Наталья Костина - Верну любовь. С гарантией
В школе учиться сначала было скучно и неинтересно, потому что читать Радик умел легко и быстро, а вот писать сам не научился. Поэтому, когда начались крючочки, палочки и точечки, маленький Радик впал в глухую ипохондрию. Мама настаивала, чтобы крючочки и палочки были безупречны и чтобы по письму у Радика была такая же твердая пятерка, как и по чтению. Но чем дольше Радик сидел за столом, выписывая составляющие части букв, тем все хуже и хуже они становились. После двух часов беспрерывного письма пальцы у него деревенели, ручка падала, украшая ряды кривых, пьяно валящихся друг на друга палочек и уже ни на что не похожих крючочков жирными кляксами. Мама к исходу второго часа пытки палочками сначала раздражалась, потом кричала и даже один раз дала сыну увесистый подзатыльник. Папа не кричал и смотрел на каракули сына вроде бы даже весело, но вслух ничего, кроме слов «невропатологом будет», не говорил и уходил в свою комнату, к непонятным толстым учебникам и докторской диссертации. Мама от папиных слов сердилась еще больше и давала Радику чистую тетрадь. Он с тоской прислушивался, как рядом хлопает соседская дверь, — это Саша и Сережа идут во двор играть в прятки или в казаки-разбойники. А он все писал ненавистные палочки. Писал, писал…

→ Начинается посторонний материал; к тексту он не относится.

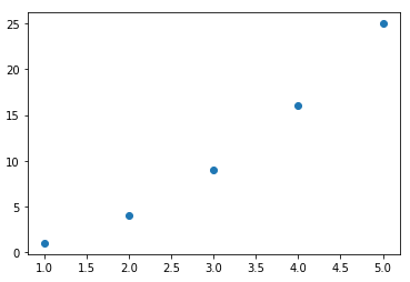 plt.scatter([1, 2, 3, 4, 5], [1, 4, 9, 16, 25])
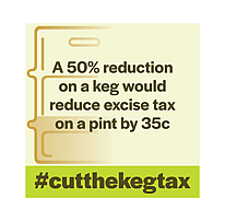 - We are asking for the keg beer rate to be reduced by 50 per cent to provide relief for pubs, clubs, and beer drinkers.
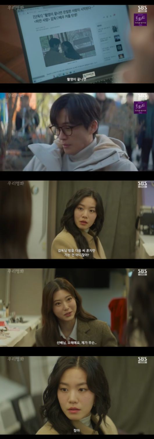 11일 방송된 SBS 금토드라마 '우리영화' 9회에서는 이제하(남궁민 분)와 이다음(전여빈)의 스캔들 기사가 났다.

Палочки наконец кончились. Радик кое-как одолел письмо, и только из уважения к его новому открывшемуся таланту — художественной декламации — учительница ставила ему по письму «твердую четверку». Четверка эта действительна была очень твердой, судя по тем мозолям, которые он натирал ненавистной ручкой. Но теперь его стали брать с собой на всякие слеты, съезды и конференции, и там, стоя непременно в центре сцены, дабы привлечь всеобщее внимание, октябренок, а затем и пионер Радий Хлебников открывал торжественные мероприятия чтением патриотических стихов. Но нельзя сказать, что хорошие оценки ему ставились именно за это. Он оказался весьма способным к истории, литературе. Неизменно получал высший балл по географии, химии, биологии, и только физика с математикой привлекали его почему-то меньше всего. Но с таким отцом Радик просто не мог иметь по физике и математике ниже, чем «отлично», и он лез вон из кожи, но зарабатывал свои действительно заслуженные пятерки.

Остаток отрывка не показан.